Context Length

The concept of context length is vital and many of the setbacks people face are due to LLMs not being capable of handling more than a set number of tokens in memory. The token context length is a moving window of what can be considered ‘total conversational memory’. Let’s say an LLM can handle 2,000 words total. Your prompt contains all the important instructions and is around 500 words. After a few messages exchanged in the chat interface, the chat is now 2,100 words. The first 100 words of your prompt simply no longer exist, the model can only continue based on the last 2,000 words. This can have negligible impact or it can be devastating on subsequent output quality, depending on what was in those first 100 words.

GAIR_Context_Window

This is a problem because Chat GPT for instance never alerts the user that the maximum number of tokens are in use, which can lead to confusion and frustration as to why your original instructions are no longer being followed.

Even though since November 2023 the Chat GPT Plus / Team plan (using GPT4 and later models) has a total context length of 32,000 tokens (around 20,000 words give or take), in practice it still struggles with longer texts and is more prone to misunderstanding or 'hallucinating'. Problems are inevitable given the ambiguity of prompts, implied context that the user might think is obvious but the LLM isn’t aware of, and the vast scale of text at which to direct its focus - often on multiple different parts - when responding.
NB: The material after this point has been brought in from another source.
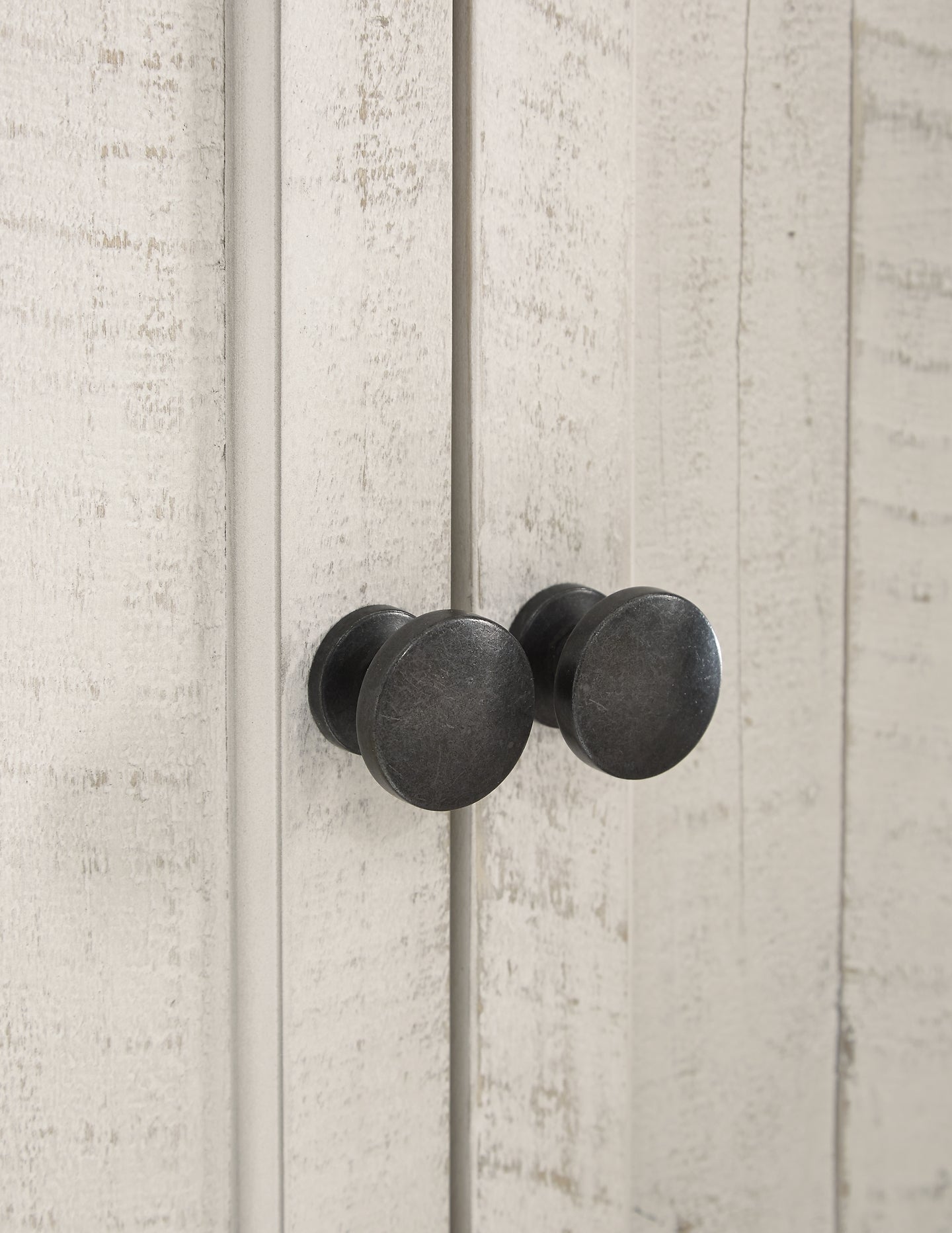 Details | Made of pine wood, pine veneers and engineered wood, Two-tone distressed finish: weathered gray top; vintage white base, TV stand with 2-door cabinet with single-shelf storage and 2 open shelves, Aged iron-color hardware, Cutouts for wire management, Assembly required | |
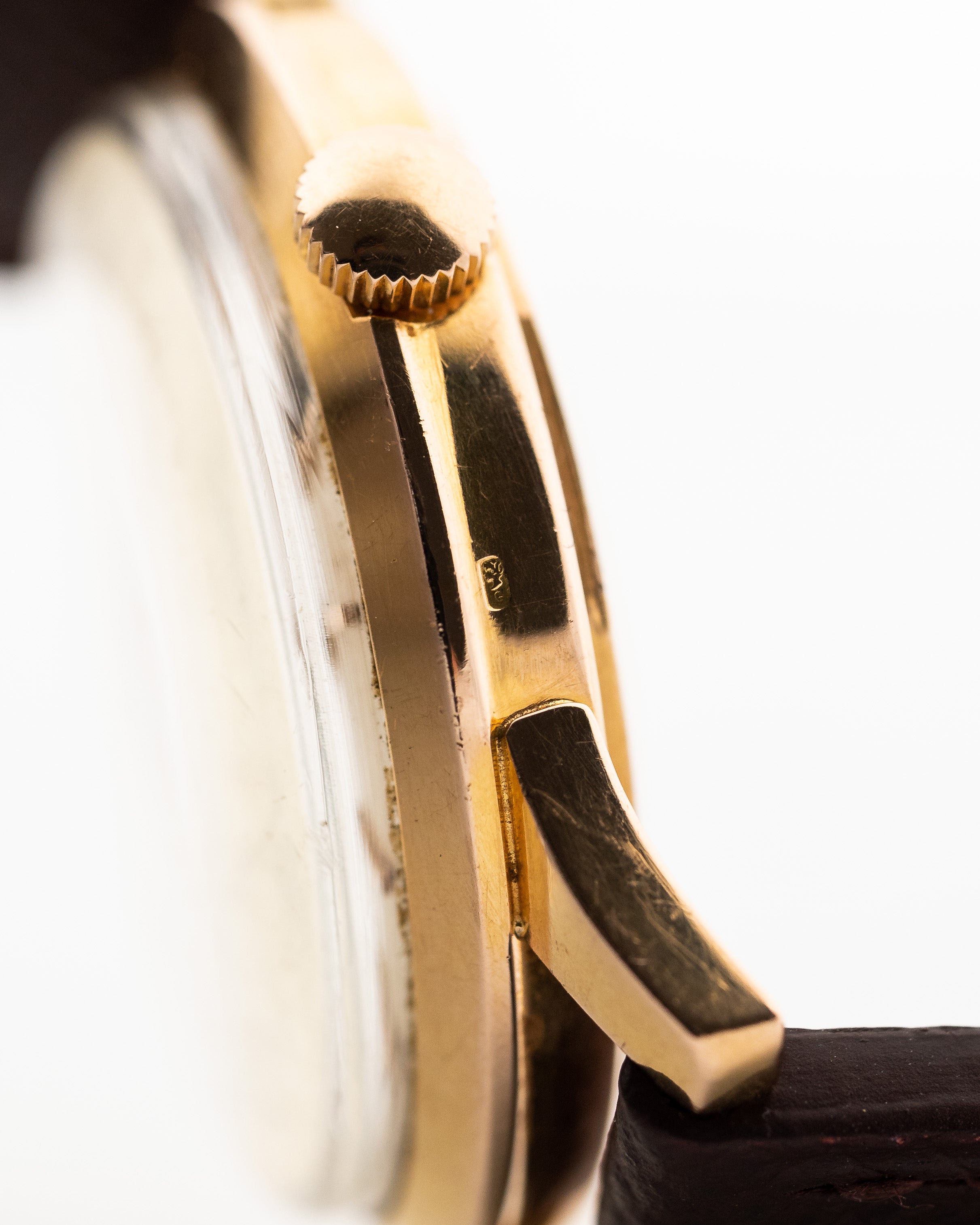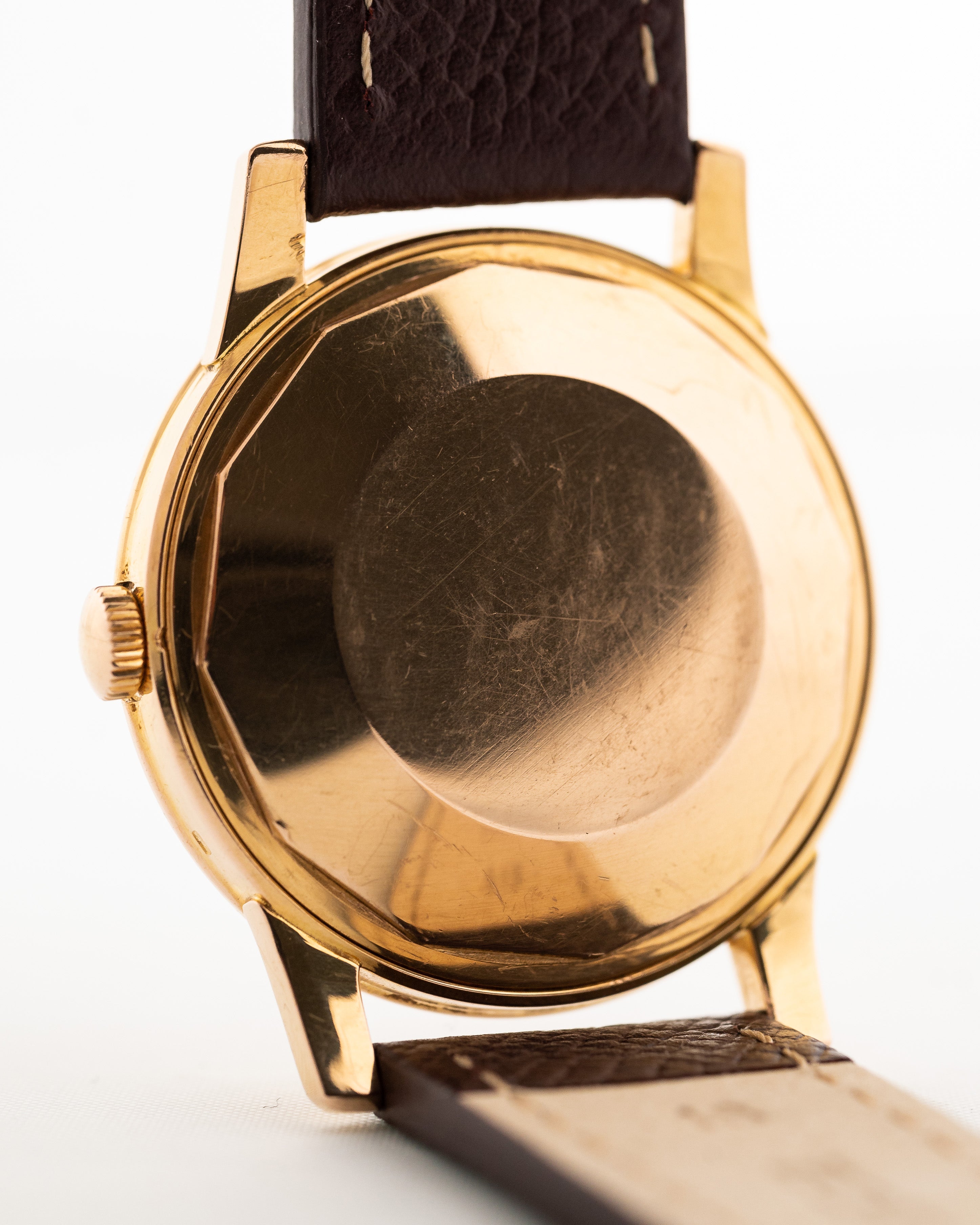 Das Gehäuse ist in einem sehr guten, unpolierten Zustand und der Schraubboden hat eine abgerundete Form, die an einen Blasenboden erinnert, darunter ein unglaublich gut verarbeitetes Vacheron Kal. K1072.

The more you can break up tasks so that the total scale of information needed is a few thousand words, the better quality the results. The diagram below illustrates the value of breaking up tasks into chunks to maintain higher quality:

GAIR_ContextQuality

The Claude 3 and 3.5 models permit up to 200,000 tokens of context and are usually more adept at working effectively with large contexts compared with GPT4/4o, but it's still always going to be tricky to get an LLM to focus and maintain high quality outputs with masses of texts. Google's Gemini 1.5 boasts an impressively accurate 1 million token context window, though early testing suggests it’s better for simple information retrieval with explicit prompting rather than more advanced interpretation that might require intelligent interpretation and synthesis of disparate sections of text/s provided.

In April 2024, papers published associated with Google and Meta independently claimed to have developed novel methods that could theoretically permit ‘unlimited’ context windows for LLMs. The papers used much smaller models so how effective these can be with established LLMs that exhibit advanced reasoning remains to be seen. But if a future generative AI model is able to intelligently and accurately handle tens of millions of tokens and output the same quality as the current best LLMs can with a few thousand words, it could transform (and perhaps devastate) not only academia but knowledge work generally. Tens of millions of tokens could cover several years' worth of emails and local documents or an entire course reading list. Until any model emerges that has that capability though, breaking up generative AI tasks into smaller mangable chunks produces much better results and is the recommended approach.